Kendinize sakladığınız o MÜKEMMEL OLDUĞUNUZA İNANDIĞINIZ FİKRİ bırakın başka birileri daha okusun. Paylaşsın, yayılsın, onların yorumlarıyla farklı ve daha derin bir hal alsın. Eksiklerini görebileceğiniz, karakterleri tartabileceğiniz, okurken keyifleneceğiniz bir şeyler ortaya çıksın.
Şimdi büyük yayınevleri dahi internet ortamında yayılan ve büyük kitlelere ulaşan yazarların kitaplarını basmayı tercih ediyor.
Yani zaten okuyucuların tüm bölümlerine online olarak ulaşabildiği kitapları alıp baskıya gönderiyorlar. Wattpad bunun ispatı. Yazar ve yayınevi bu baskılarla bir miktar gelir elde ederken, somut bir eseri de ortaya çıkarmış oluyorlar. Ama bu çok mu şart? Yani kitabınızın illa kara kaplı bir deftere basılması mı gerekiyor büyük kitlelere ulaşması için?
Kesinlikle hayır.
Sadece internet ortamından yazarak milyonlara ulaşan onlarca yazar var. Örneğin John GREEN'ı bu kadar ünlü yapan şey aktif bir youtuber olması! Komik mi geldi kulağına? Youtuberlık ne alaka mı diyorsun?

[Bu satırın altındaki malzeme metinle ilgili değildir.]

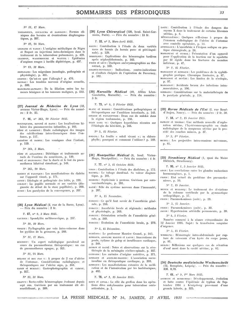 1935, Sommaires des périodiques. -
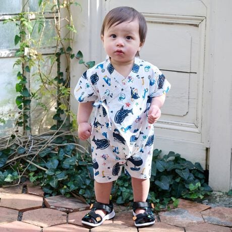 水族館の人気者たちを描いたかわいらしい甚平タイプのカバーオールです。
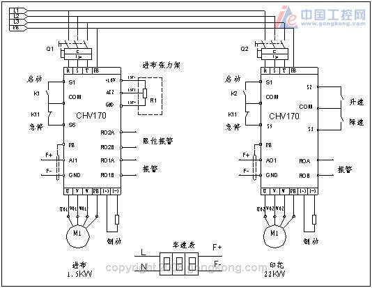 使用英威騰的CHV170系列張力控制型變頻器,可以省去松緊架上的限位開(kāi)關(guān),從而減少一個(gè)故障環(huán)節(jié)。不用同步控制器、不用DA或AD模塊,不用電腦主令給定板,又減小了一個(gè)故障環(huán)節(jié)。既省材料又省力氣。
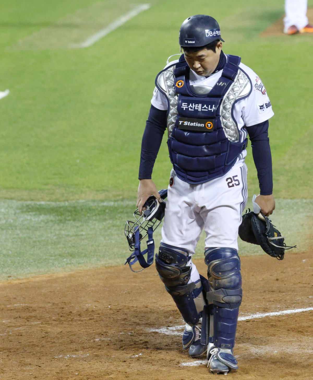 두산 포수 양의지가 키움 6회초 1사 2,3루에서 3루주자 이형종의 스트라이크 낫아웃 때 역전을 허용한 후 고개를 떨구고 있다.
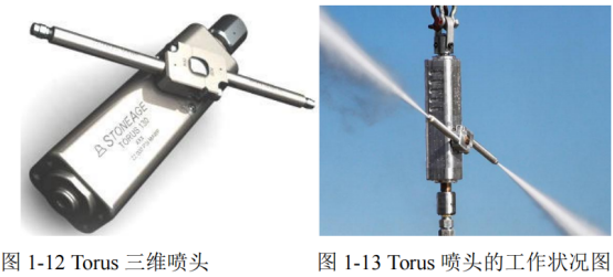 如圖1-12為該公司研發的Torus高壓水射流噴頭,該噴頭可以在空間內進行三維旋轉,其旋轉的動力來源于水射流接觸到待清理表面后產生的反作用力,噴頭的自轉由水射流的反作用力直接驅動,而噴頭的公轉是通過斜齒輪組從噴頭的自轉中獲取的一部分動力實現的,而且通過調節軸芯的位置可以實現對噴頭的無級調速。該高壓水射流噴頭專門用于儲罐以及大直徑管道內部的清洗,其最大工作壓力為150MPa,最大工作流量為300L/min。如圖1-13所示為Torus噴頭的工作狀況圖。
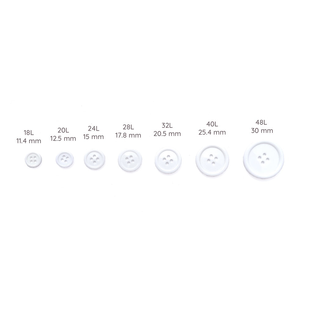 4-Hole Round White Plastic Buttons 8mm / 11mm / 15mm / 18mm / 20mm / 25mm / 30mm
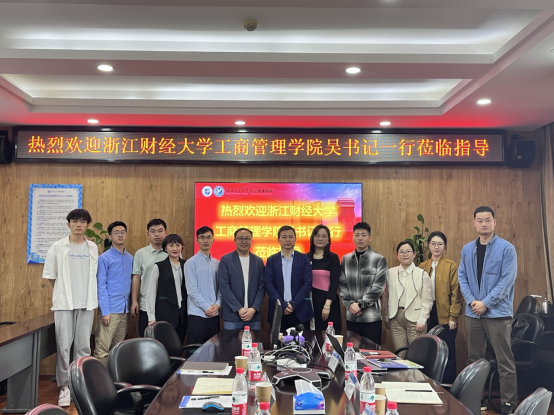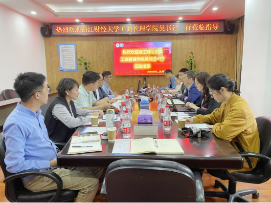 2023年4月21日上午,浙江财经大学工商管理学院党委副书记吴玻,学院办公室主任邱夏等一行六人到bat365官网登录入口展开调研交流。
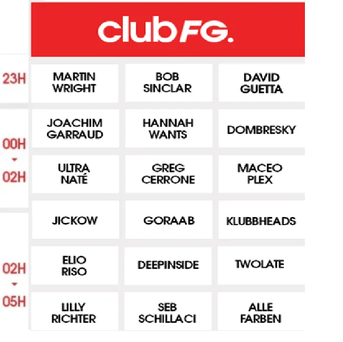 Les jeudis, vendredis et samedis, les meilleurs DJ de la planète, mixent en exclusivité sur RADIO FG… Jusqu’au bout de la nuit, c’est CLUB FG.
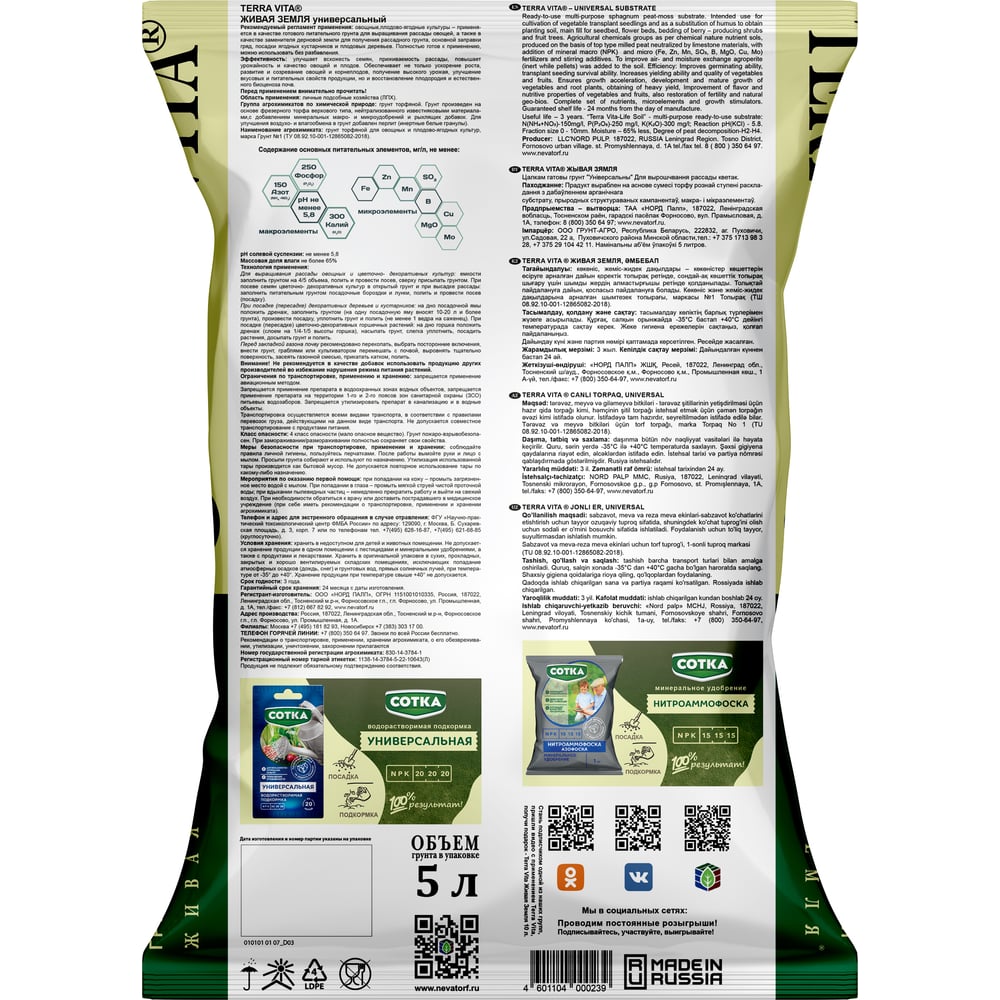 Универсальный грунт Terra Vita Живая Земля 4601104000239
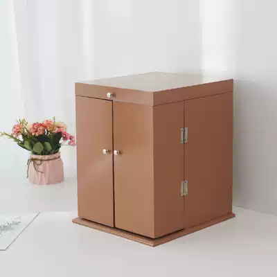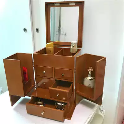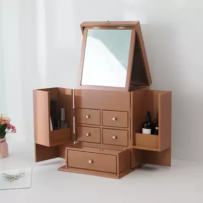 Nordic dust skin care product storage box with mirror large capacity desktop makeup Nail Box wooden multifunctional makeup table

Türkiye'den bir örnek vereyim o zaman: BAŞAK KABLAN(Önce Babam Öldü Sonra Hayallerim)


Kendisi Youtube'da hatrı sayılır bir kitleye sesleniyordu ve kitap yazdığını buradan duyurdu. Kitabının çıkacağını yine internetten duyurmuş tanıtımını Youtube'dan yapmıştı. Şimdi beklemediği kadar büyük bir kitleye sesleniyor kitabı çoktan birkaç baskıyı geride bıraktı. Üstüne üstlük bu kitlesi içerisinden seçtiği çizerlerle çizimlere yoğunlaşan bir kitap daha yazmakta olduğunu duyurdu.
Onlar neden korkmadı? Fikirlerini dünyaya açtılar. Londra'daki bir okuyucuyla, Artvin'deki bir okuyucuya aynı mesafeden ulaştılar.
O yüzden yayınevı yayınevi gezmeden önce kendini internet ortamında tanıtmayı denemelisiniz, Sonrasında işler elbette hemen yoluna girmeyecektir. Hemen büyük yayınevleri kapılarını sonuna kadar açıp kucaklamayacaktır seni. Ama durduğun nokta artık 0 noktası olmayacaktır.